India also provided enormous logistical support to the Americans. As far as China was concerned, from 1962 onwards, India was no longer adhering to its avowed ‘non alignment’ policy. But such is the shroud of secrecy that these facts are seldom unravelled openly even though more than 60 long years have gone by. A resurgent, belligerent Communist China poses a grave and compelling land, sea, air, cyberspace, artificial intelligence, biological and chemical threat to the entire democratic, free world. On 16th June,2020, the hydra-headed Chinese Dragon, without any provocation whatsoever, attacked Indian soldiers in the high altitude Galwan valley in Ladakh and shockingly killed 20 Indian bravehearts and wantonly injured many more with stones, nail-studded sticks, iron rods and clubs in the fashion of primitive barbaric savages.
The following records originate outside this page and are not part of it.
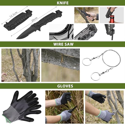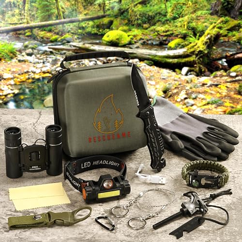 Kit Bivouac-Kit de Survie/Couteau de Survie/Sac de Survie/Urbex équipement/Urbex kit/Camping Accessoires/Randonnée Accessoires/Jumelle/Lampe Frontale Rechargeable.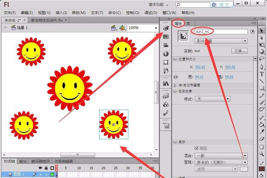6、用上一步同样的方法,在舞台再插入4个太阳元件,“实例名称”分别取名为“sun2_mc”、“sun3_mc”、“sun4_mc”和“sun5_mc”。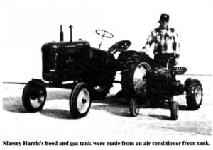 They cut an air conditioner freon tank in half to make the rounded hood and gas tank on the Massey Harris Pony.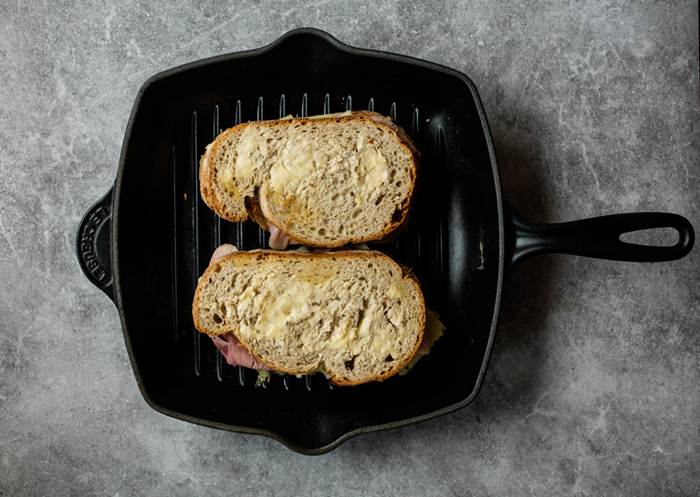 - Legg skivene sammen og smør utsiden av hvert ostesmørbrød med et godt lag smør.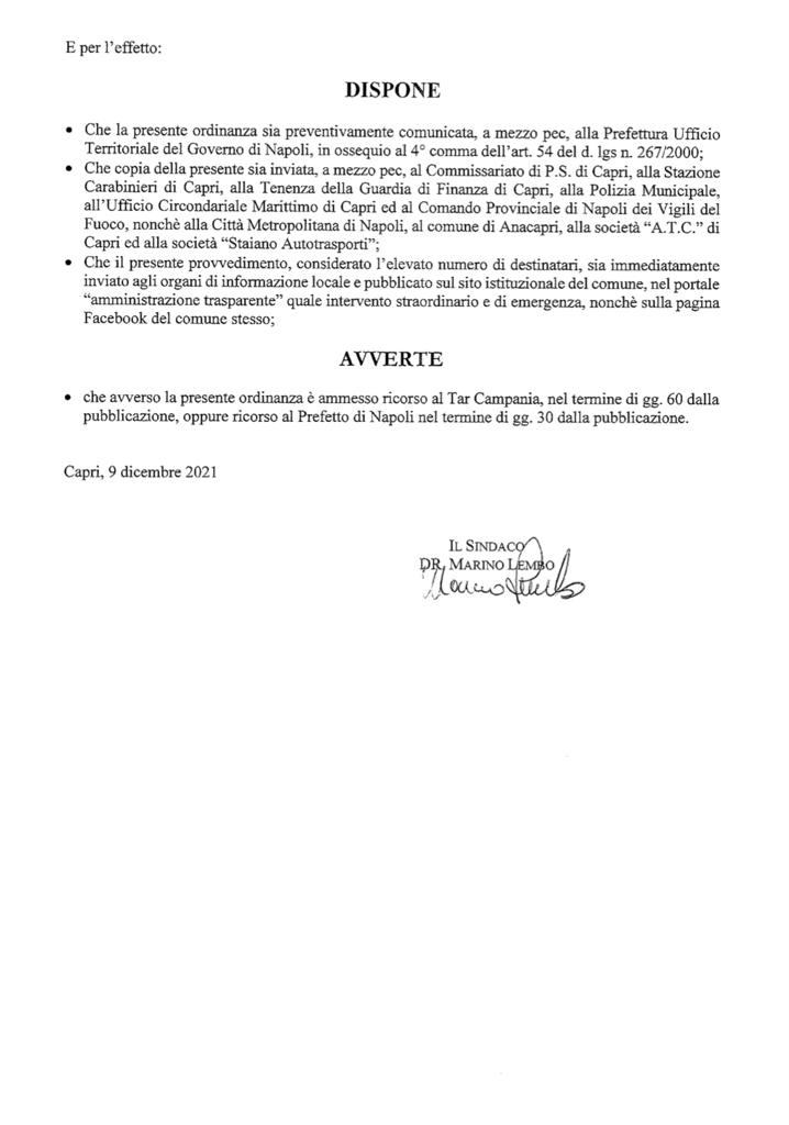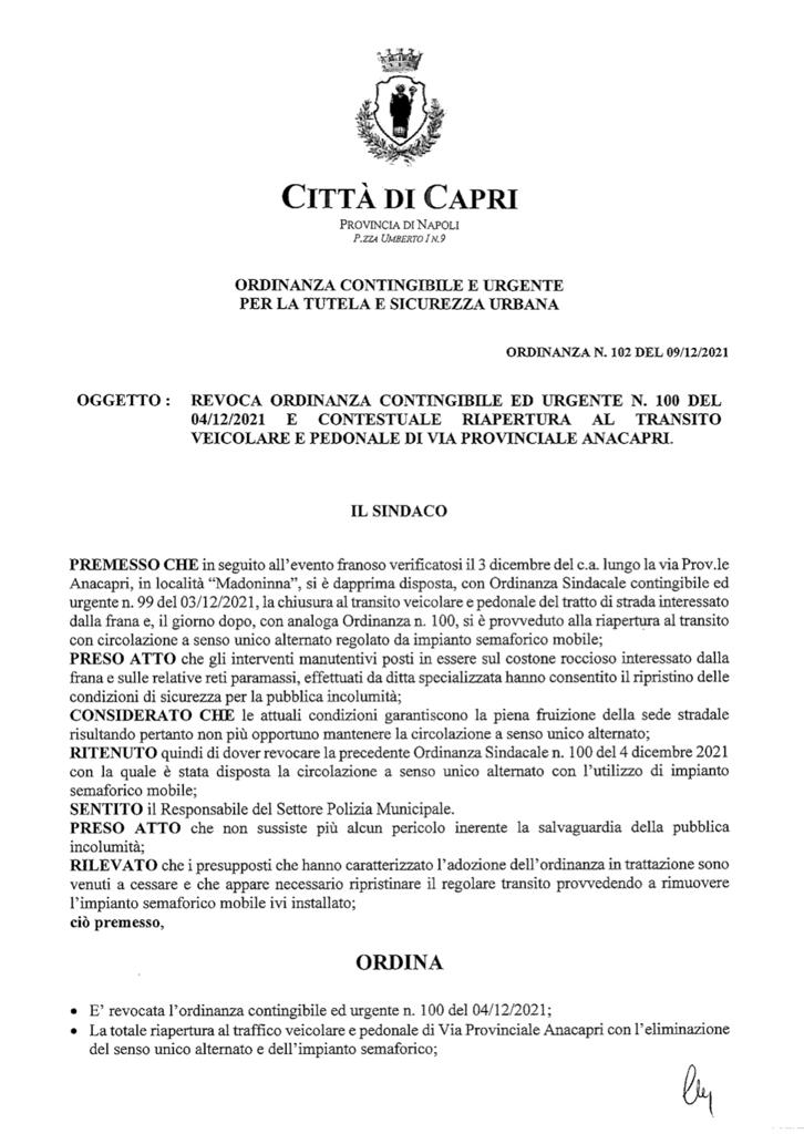 REVOCA ORDINANZA CONTINGIBILE ED URGENTE N. 100 DEL 04/12/2021 E CONTESTUALE RIAPERTURA AL TRANSITO VEICOLARE E PEDONALE DI VIA PROVINCIALE ANACAPRI.

The Galwan episode, which turned out to be the deadliest confrontation between the two Asian giants in over five decades, fundamentally changed India’s carefully nurtured foreign policy towards China. The Modi Government’s message to China is now resoundingly loud and crystal clear : either adopt ‘One India’ as a policy measure and renounce your claims on Ladakh, Sikkim and Arunachal Pradesh, or face a vocal, assertive India assailing your vital interests on the world stage, including your territorial claims on Taiwan, your occupation of Tibet and Xinjiang, and your human rights violations in Tibet, Xinjiang and Hong Kong. Touche!